Perinatal Maternal Fat Intake Affects Metabolism and Hippocampal Function in the Offspring A Potential Role for Leptin

Both undernutrition and overnutrition of the mother during pregnancy and lactation produce a syndrome or altered energy balance in the offspring and has long-lasting consequences on CNS systems regulating food intake, metabolism, and food reward. Homeostatic circulating factors like insulin, glucocorticoids, and leptin that are generally increased by exposure to high fat/high caloric diets constitute important signals in these processes. They trigger functional activation or specific intracellular cascades mediating cellular sensitivity, survival, and synaptic plasticity. Using a model whereby the late fetal and neonatal rat is exposed to increased high fat (HF) via HF feeding of the mother, we investigated the proximal (neonatal) and distal (adult) consequences on metabolism and hippocampal function in the offspring.
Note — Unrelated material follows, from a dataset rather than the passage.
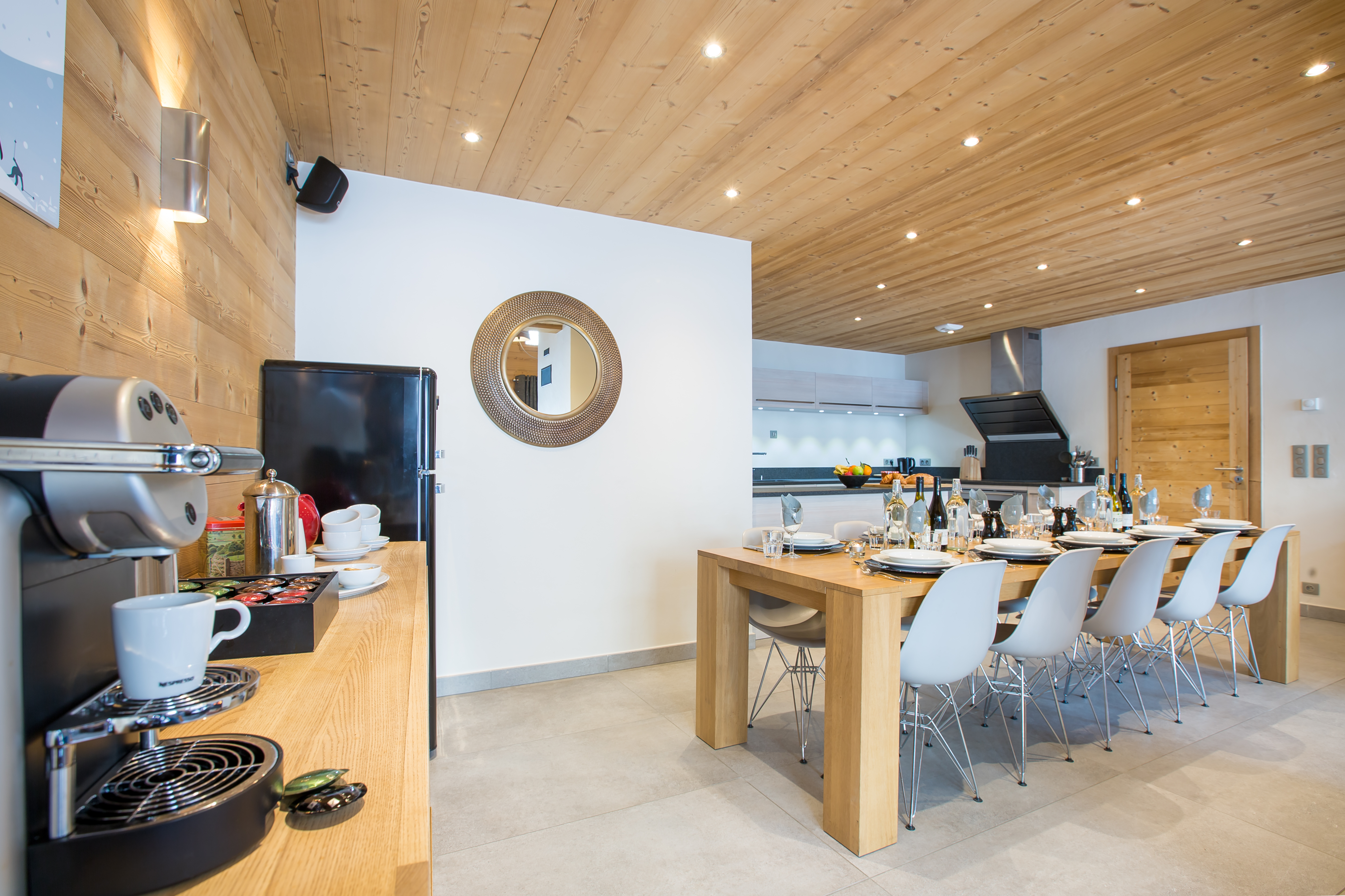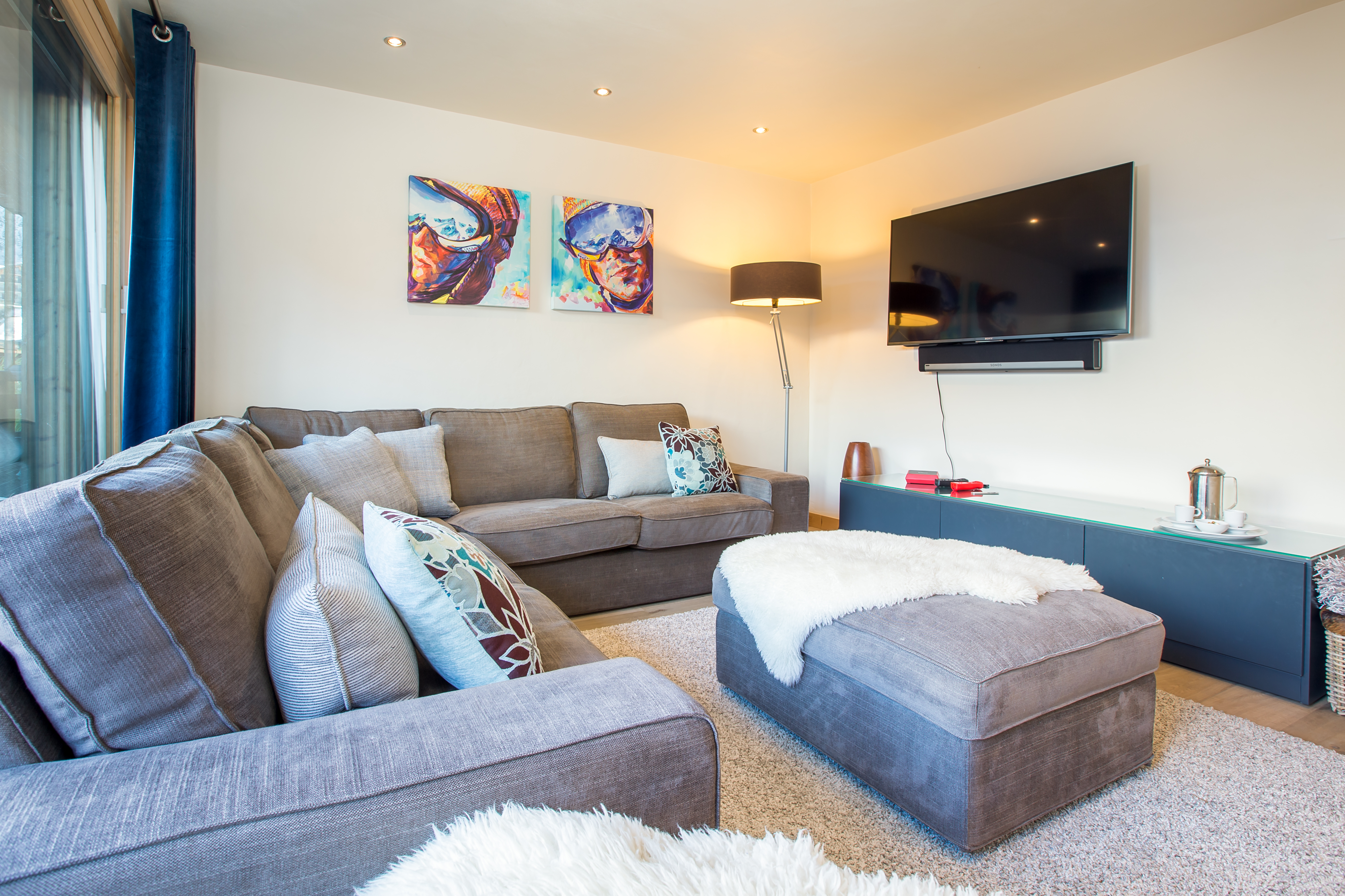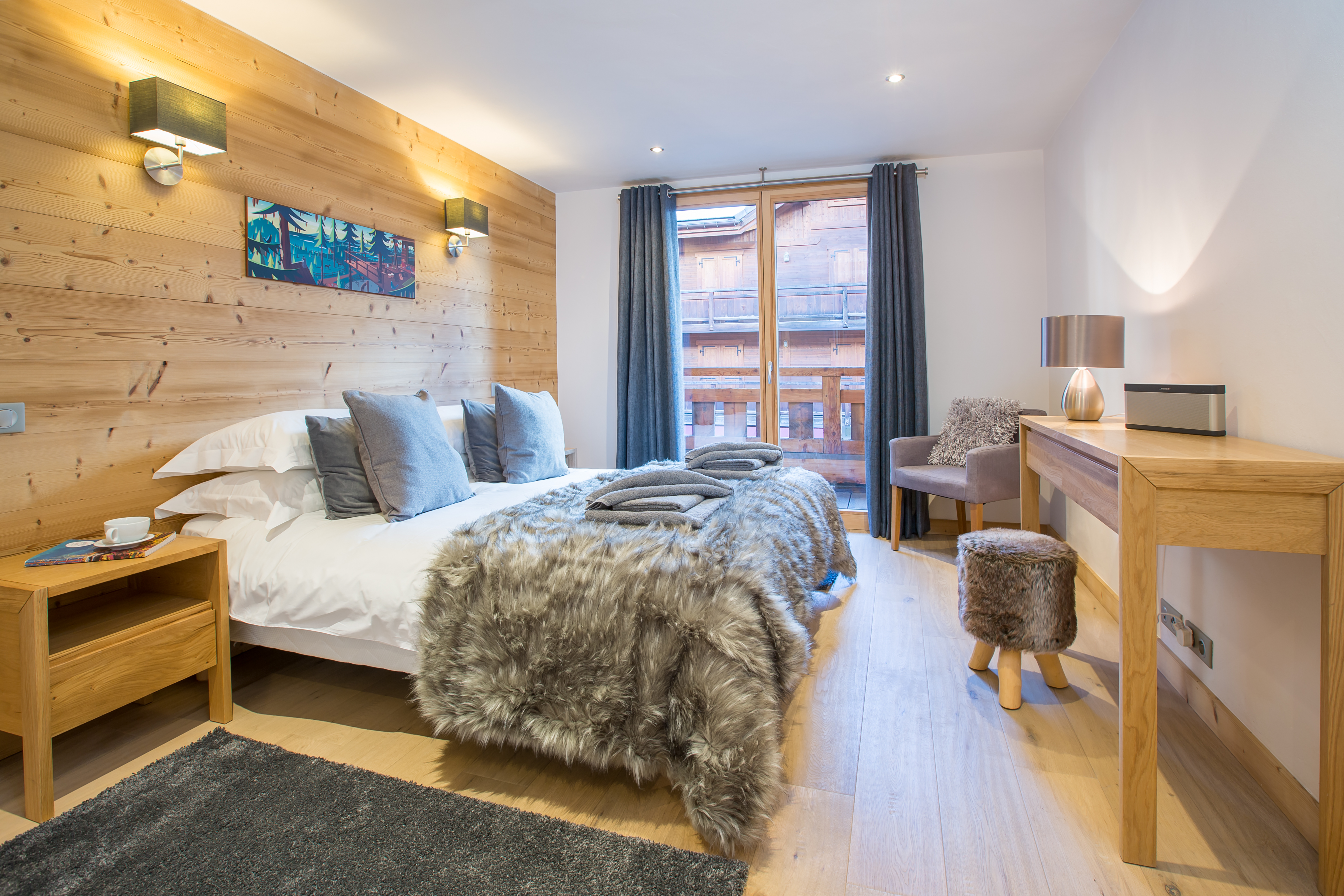 There are 2 private ensuite bedrooms on the floor below with bathrooms and balconies. As well as an extra lounge room with comfy sofa and TV. The chalet comes equipped with all mod cons such as Free Wifi and there is also a SONOS music system & Bose Sound Docks in every bedroom.

Adult offspring of HF-fed mothers displayed several of the physiological and behavioral changes susceptible to leading to metabolic complications. These include elevated circulating concentrations of leptin and corticosterone, increased body weight gain and food intake, modest preference for fat-containing food types, as well as the onset of hypothalamic leptin resistance. In the hippocampus, HF-fed offspring or neonates treated with leptin show similar increases in neurogenesis and survival of newborn neurons. We identified some of the direct effects of leptin to increase synaptic proteins, N-methyl-D-aspartate (NMDA), and glucocorticoid receptors, and to reduce long-term potentiation (LTP) prior to weaning. While these studies have documented effects in animal models, concepts can easily be translated to human nutrition in order to help design better perinatal diets and nutritional preventive measures for mothers in a coordinated effort to curb the obesity trend.